Cross-Systems Advocacy for Children Who Lack Legal Immigration Status in Southeastern Pennsylvania

Emerging Leader Fellow: Catherine Feeley, 2015-2016

The Problem:

Hundreds, or possibly thousands, of children throughout Pennsylvania lack legal immigration status.  Without legal status, these children are at risk of being separated from their caretakers in the US, denied basic education, and forcibly returned to living situations in which they are likely to be physically and emotionally harmed and exploited.  Fortunately, some of these immigrant children may qualify for legal immigration status through a federal protection called Special Immigrant Juvenile status (“SIJS”).  SIJS provides a lawful way for immigrant children to stay in the US when they have been separated from a parent due to abuse, abandonment or neglect, and will continue to suffer the consequences of that loss if returned to their country of birth.

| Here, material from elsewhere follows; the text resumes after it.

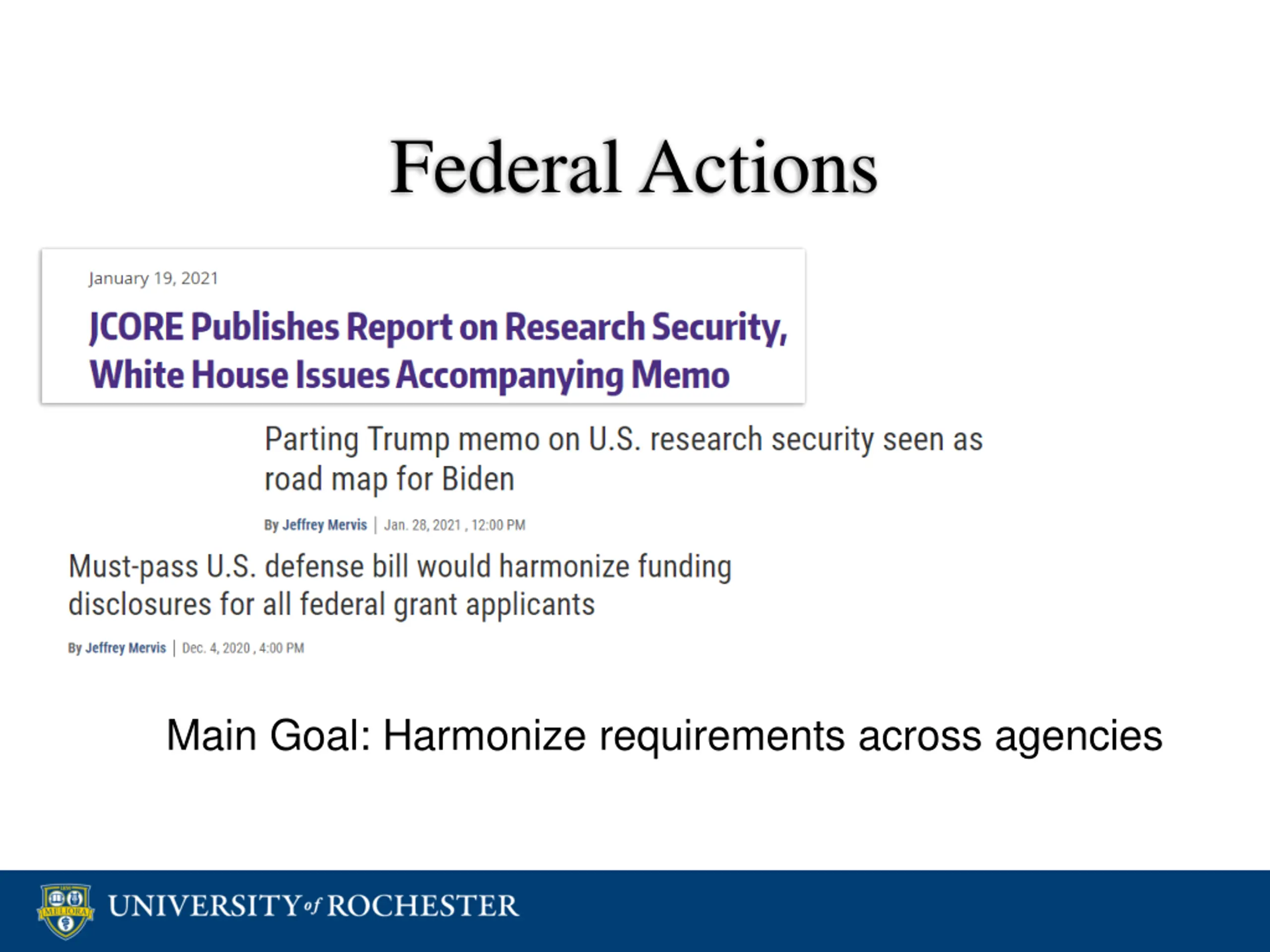Federal Actions Main Goal: Harmonize requirements across agencies

Courts in Pennsylvania that make decisions about the care and custody of children play a vital role in determining the futures of these immigrant children living in our state.  Federal law relies on these courts to use state law to identify abused, neglected, or abandoned immigrant children under their jurisdiction who cannot reunify with a parent based on the maltreatment they have suffered.  Federal law also asks state courts to place these children in the custody of a safe caregiver/institution and to make sure their best interests are being served through that placement.  Without the cooperation of the state bar and courts, the federal government cannot uphold immigration law, which protects these children only when they have obtained proof from the state courts that it is in their best interests to stay in the US with a particular caregiver.  As a result, a misunderstanding at the state level can prevent a child from applying for legal immigration status and ultimately cause them to return to a dangerous place where they have no caretaker to ensure their best interests.

The Approach:

Katie and HIAS Pennsylvania worked to help immigrant children overcome the barriers they face in gaining access to SIJS.  Katie led this effort by collaborating with experts in the field to develop and share tools and recommendations designed to help Pennsylvania's bench and bar to better serve this population.  To inform this work, she conducted research on best practices; represented children in state court; and interviewed attorneys, judges, and child welfare staff.  

Recommendations:

Katie found that a variety of strategies are necessary to ensure Pennsylvania’s eligible children gain access to SIJS:

  • Like Philadelphia’s Department of Human Services, other county child welfare agencies should identify and refer noncitizens in their care to legal service providers who can address their immigration needs.
  • Federal authorities should adequately fund legal aid to ensure that all children who have been abused, abandoned, or neglected have access to low cost or free legal services that can help protect them.
  • Each county court should create clear policies to ensure that these children and their caregivers have access to state court proceedings necessary before applying for SIJS.